All the intelligence lives in the Tags module; this executable is simply a thin CLI wrapper that reads available tags from disk and delegates to guessTagFromShort.


Public API

main :: IO ()

Entry point. Reads all valid tags from the /doc/ hierarchy, takes the first command-line argument as input, and prints the expanded tag to stdout.

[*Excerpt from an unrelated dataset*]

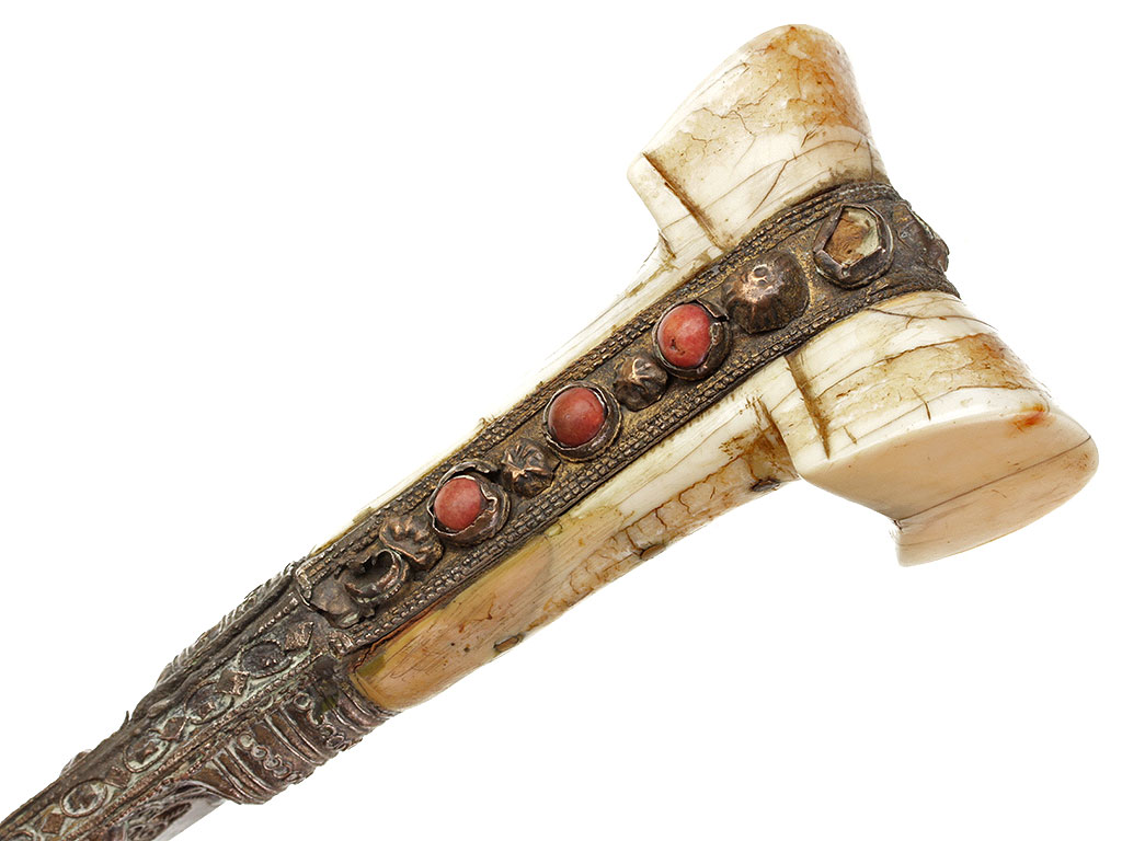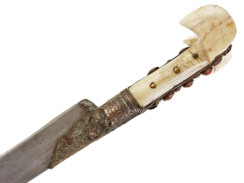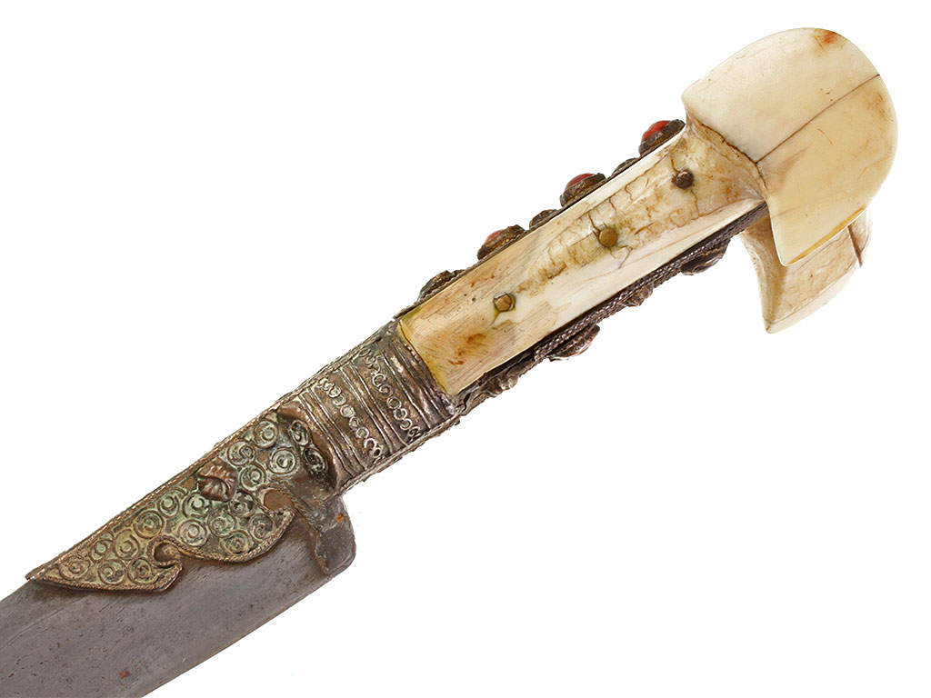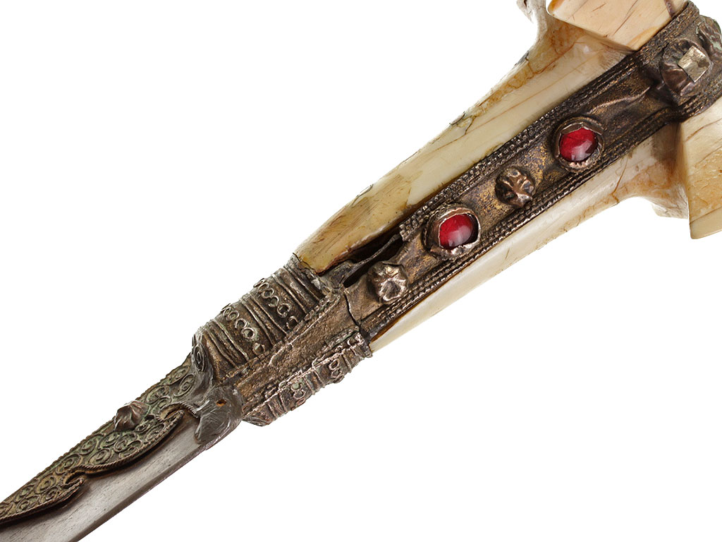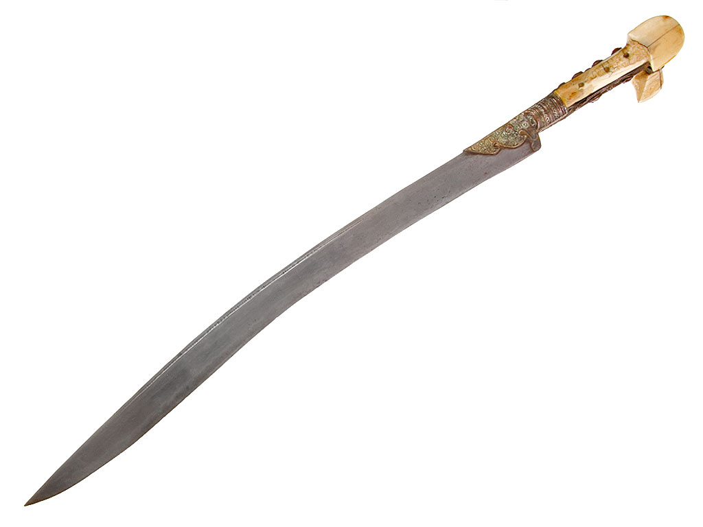 Клинок характерной изогнутой формы, с одним узким долом, идущим вдоль обуха клинка. Рукоять образована двумя массивными накладками из слоновой кости, металлический прибор рукояти посеребрен и украшен вставками из ограненных цветных камней.

Called by: Shell scripts, editor integrations, annotation tooling Calls: Tags.listTagsAll, Tags.guessTagFromShort


Internal Architecture

The executable has no internal state or complex logic:

main = do
tags <- listTagsAll -- Get all valid tag directories
(arg:_) <- getArgs -- Read first CLI argument
putStr (guessTagFromShort [] tags arg) -- Expand and print

The real work happens in Tags.guessTagFromShort, which implements a cascading fallback strategy:

  1. Exact match — If input matches a tag exactly, return it
  2. Petname lookup — Check tagsShort2Long for explicit shortcuts (e.g., "sr1""darknet-market/silk-road/1")
  3. Suffix match — Find tags ending with "/" ++ input (e.g., "road/1""darknet-market/silk-road/1")
  4. Infix path segment — Match middle path segments (e.g., "transformer""ai/nn/transformer")
  5. Partial segment match — More liberal infix/suffix matching
  6. Dot-to-slash rewrite — Try replacing . with / (e.g., "ai.dataset""ai/dataset")
  7. Levenshtein distance — Fuzzy match typos within 3 edits (e.g., "sunkcost""sunk-cost")

The function iterates to a fixed point, allowing chained rewrites.


Key Patterns

Disambiguation via Blacklist

Hopelessly ambiguous short tags (single letters, common words) are blacklisted:

shortTagBlacklist = ["a", "an", "the", "to", "if", "is", ...]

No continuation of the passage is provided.